■ Task directions ■
When the line containing "Jung und alt" is found in the data below, copy it and each line after it through the line containing "как выглядит STERLING", exactly and with no others.

■ Data records ■

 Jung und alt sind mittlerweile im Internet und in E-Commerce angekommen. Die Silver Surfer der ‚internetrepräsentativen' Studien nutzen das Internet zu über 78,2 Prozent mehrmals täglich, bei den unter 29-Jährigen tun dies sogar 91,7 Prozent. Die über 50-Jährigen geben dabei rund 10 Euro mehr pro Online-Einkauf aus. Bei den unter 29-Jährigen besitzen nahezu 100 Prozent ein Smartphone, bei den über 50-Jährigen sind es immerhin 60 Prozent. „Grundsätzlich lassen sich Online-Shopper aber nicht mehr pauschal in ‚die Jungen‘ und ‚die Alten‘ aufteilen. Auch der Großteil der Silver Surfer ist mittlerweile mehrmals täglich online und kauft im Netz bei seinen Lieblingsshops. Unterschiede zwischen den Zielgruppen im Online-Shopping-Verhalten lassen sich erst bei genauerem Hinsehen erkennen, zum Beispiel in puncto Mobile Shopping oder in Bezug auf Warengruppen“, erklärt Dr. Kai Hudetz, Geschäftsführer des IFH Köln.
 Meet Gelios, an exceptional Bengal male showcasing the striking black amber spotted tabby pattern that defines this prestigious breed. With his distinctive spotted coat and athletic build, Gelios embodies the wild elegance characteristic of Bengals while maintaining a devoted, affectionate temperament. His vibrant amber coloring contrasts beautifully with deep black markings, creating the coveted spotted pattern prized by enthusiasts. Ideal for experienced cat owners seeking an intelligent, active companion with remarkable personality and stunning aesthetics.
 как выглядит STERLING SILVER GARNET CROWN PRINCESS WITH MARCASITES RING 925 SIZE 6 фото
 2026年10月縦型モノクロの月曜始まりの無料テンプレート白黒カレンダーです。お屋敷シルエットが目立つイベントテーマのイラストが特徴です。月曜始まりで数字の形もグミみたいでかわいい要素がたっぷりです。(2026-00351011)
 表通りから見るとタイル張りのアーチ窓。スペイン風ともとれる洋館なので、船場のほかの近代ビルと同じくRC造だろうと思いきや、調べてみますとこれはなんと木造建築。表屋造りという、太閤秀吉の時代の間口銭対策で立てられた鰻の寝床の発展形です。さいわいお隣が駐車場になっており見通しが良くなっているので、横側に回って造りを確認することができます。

...

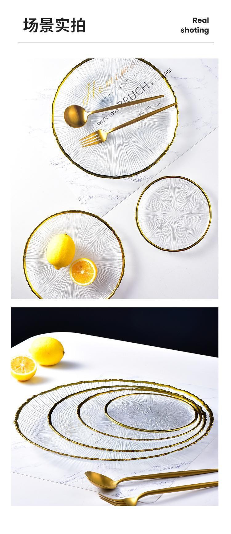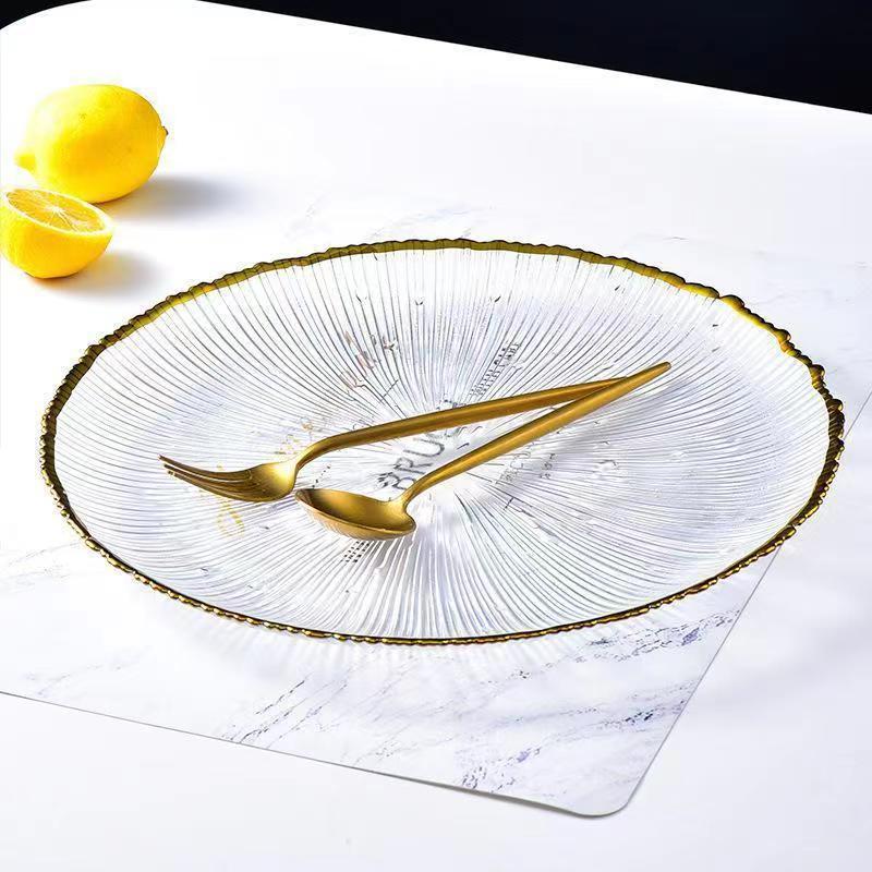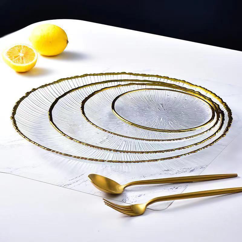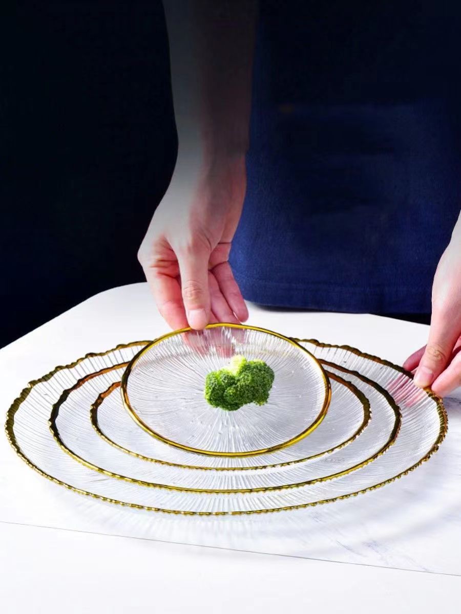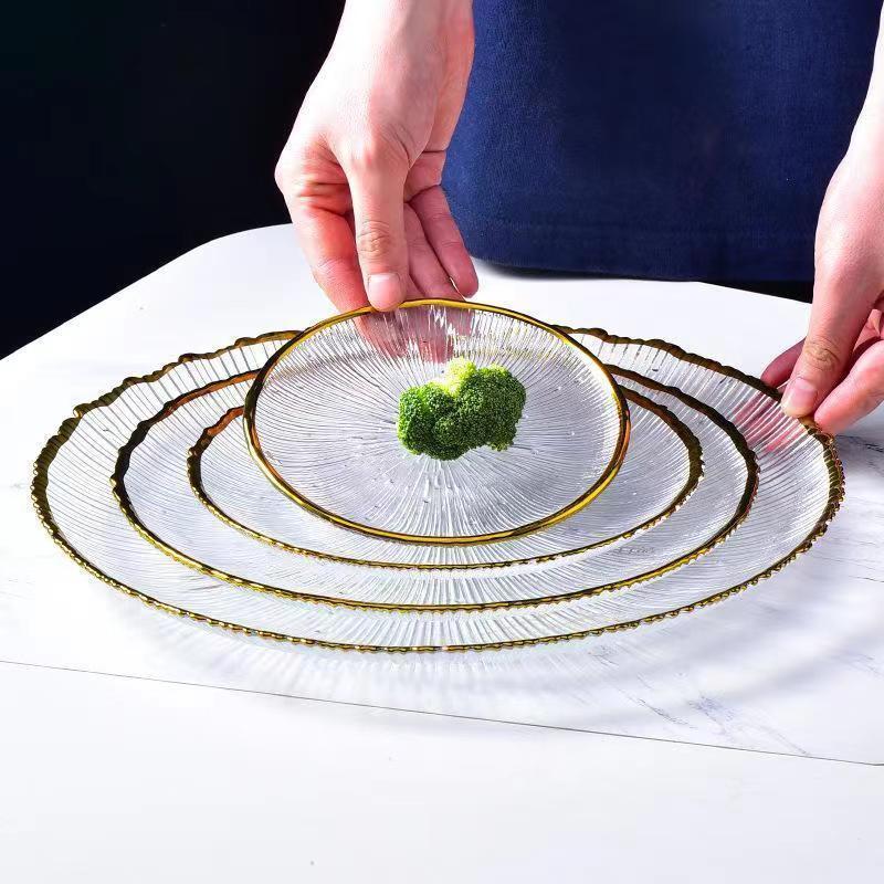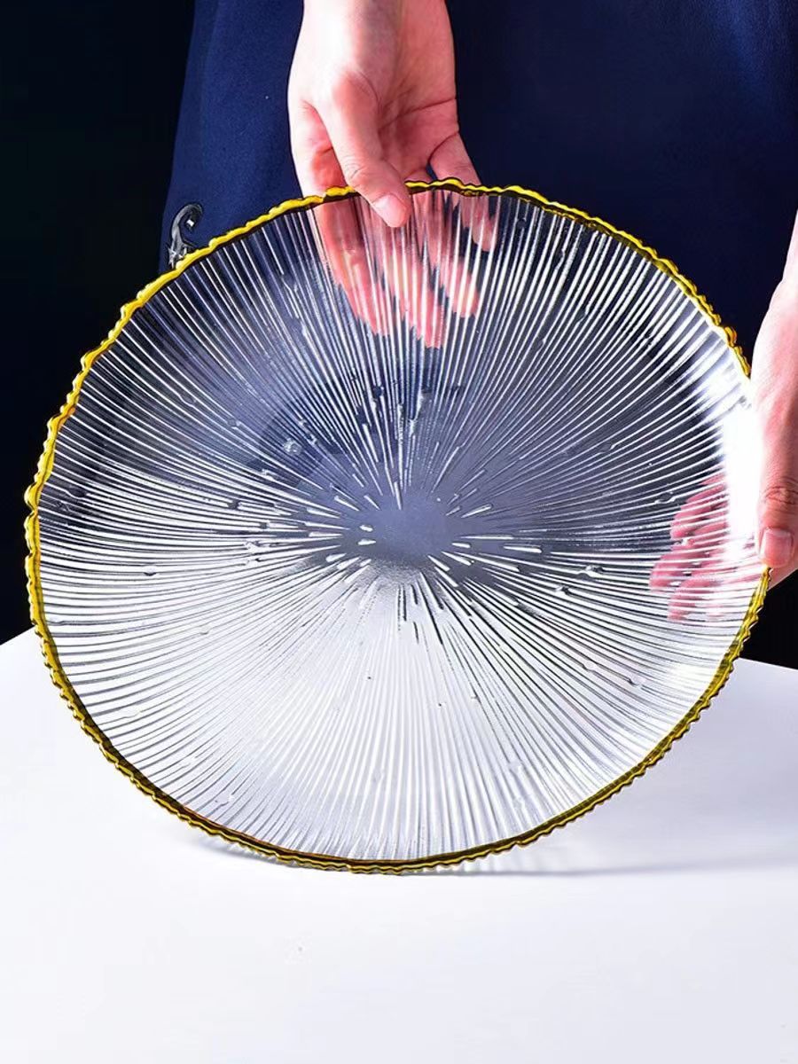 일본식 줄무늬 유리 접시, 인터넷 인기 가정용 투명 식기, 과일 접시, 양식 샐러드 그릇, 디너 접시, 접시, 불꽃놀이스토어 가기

---

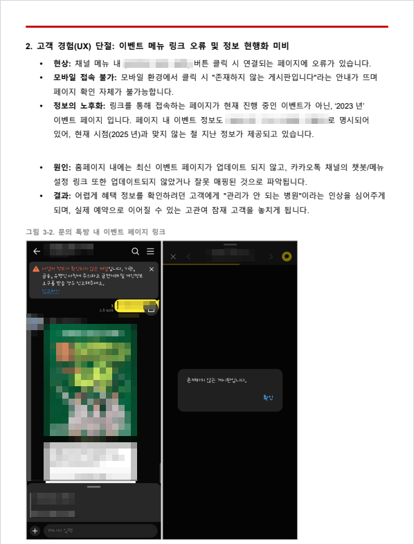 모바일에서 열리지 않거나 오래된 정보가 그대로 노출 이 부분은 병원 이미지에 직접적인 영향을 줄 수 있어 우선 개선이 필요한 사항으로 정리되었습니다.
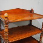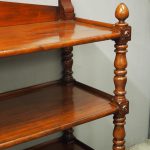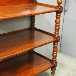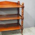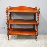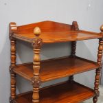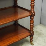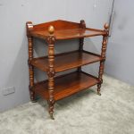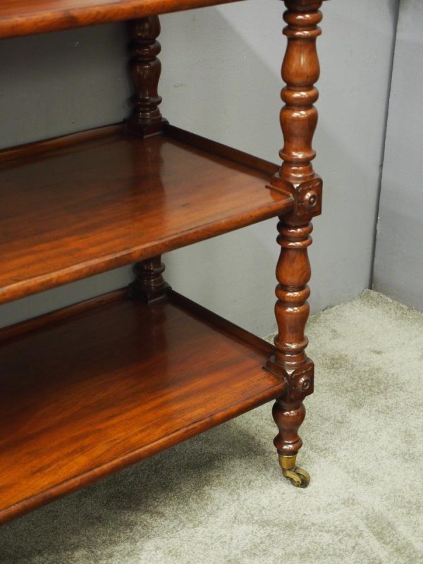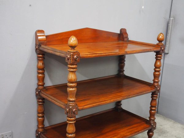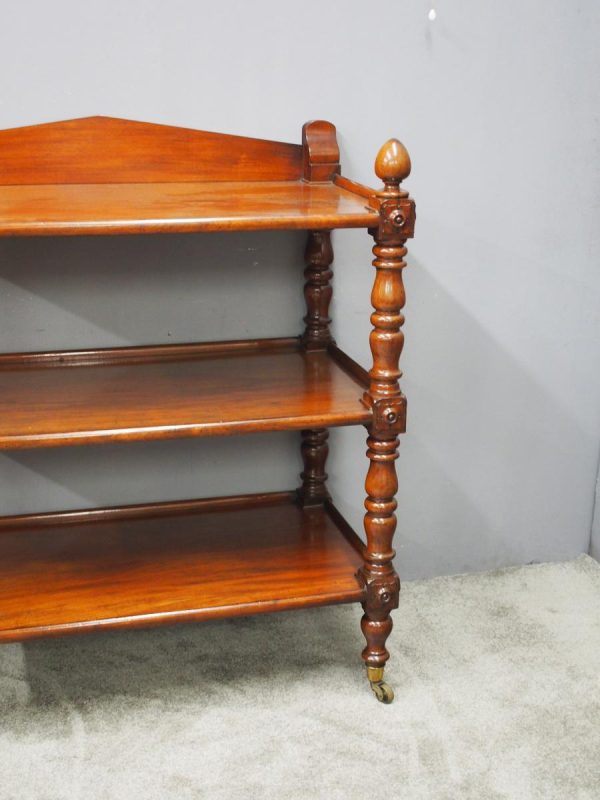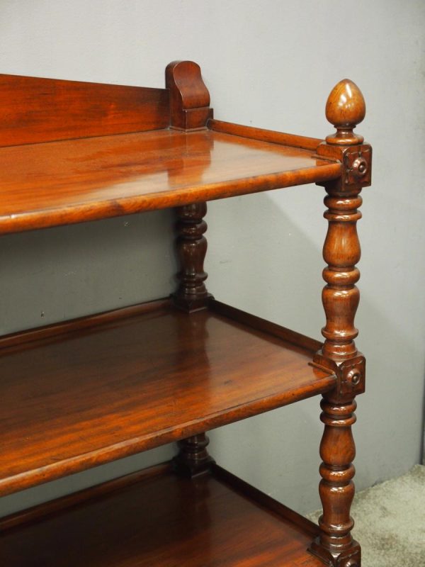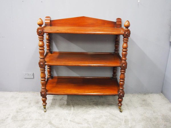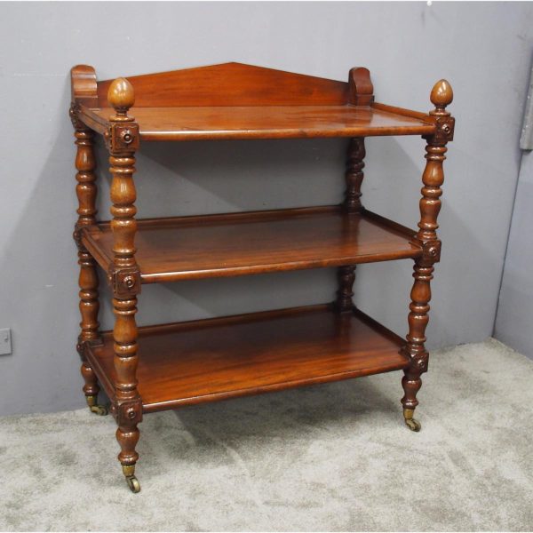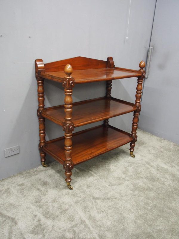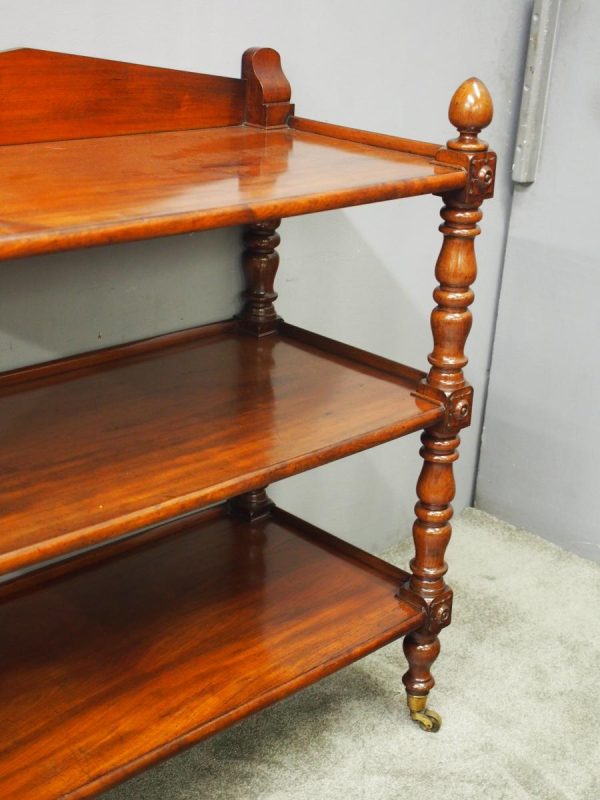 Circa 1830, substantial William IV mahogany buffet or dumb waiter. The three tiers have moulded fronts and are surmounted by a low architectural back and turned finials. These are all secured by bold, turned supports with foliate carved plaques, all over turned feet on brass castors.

■ Answer area ■
 Jung und alt sind mittlerweile im Internet und in E-Commerce angekommen. Die Silver Surfer der ‚internetrepräsentativen' Studien nutzen das Internet zu über 78,2 Prozent mehrmals täglich, bei den unter 29-Jährigen tun dies sogar 91,7 Prozent. Die über 50-Jährigen geben dabei rund 10 Euro mehr pro Online-Einkauf aus. Bei den unter 29-Jährigen besitzen nahezu 100 Prozent ein Smartphone, bei den über 50-Jährigen sind es immerhin 60 Prozent. „Grundsätzlich lassen sich Online-Shopper aber nicht mehr pauschal in ‚die Jungen‘ und ‚die Alten‘ aufteilen. Auch der Großteil der Silver Surfer ist mittlerweile mehrmals täglich online und kauft im Netz bei seinen Lieblingsshops. Unterschiede zwischen den Zielgruppen im Online-Shopping-Verhalten lassen sich erst bei genauerem Hinsehen erkennen, zum Beispiel in puncto Mobile Shopping oder in Bezug auf Warengruppen“, erklärt Dr. Kai Hudetz, Geschäftsführer des IFH Köln.
 Meet Gelios, an exceptional Bengal male showcasing the striking black amber spotted tabby pattern that defines this prestigious breed. With his distinctive spotted coat and athletic build, Gelios embodies the wild elegance characteristic of Bengals while maintaining a devoted, affectionate temperament. His vibrant amber coloring contrasts beautifully with deep black markings, creating the coveted spotted pattern prized by enthusiasts. Ideal for experienced cat owners seeking an intelligent, active companion with remarkable personality and stunning aesthetics.
 как выглядит STERLING SILVER GARNET CROWN PRINCESS WITH MARCASITES RING 925 SIZE 6 фото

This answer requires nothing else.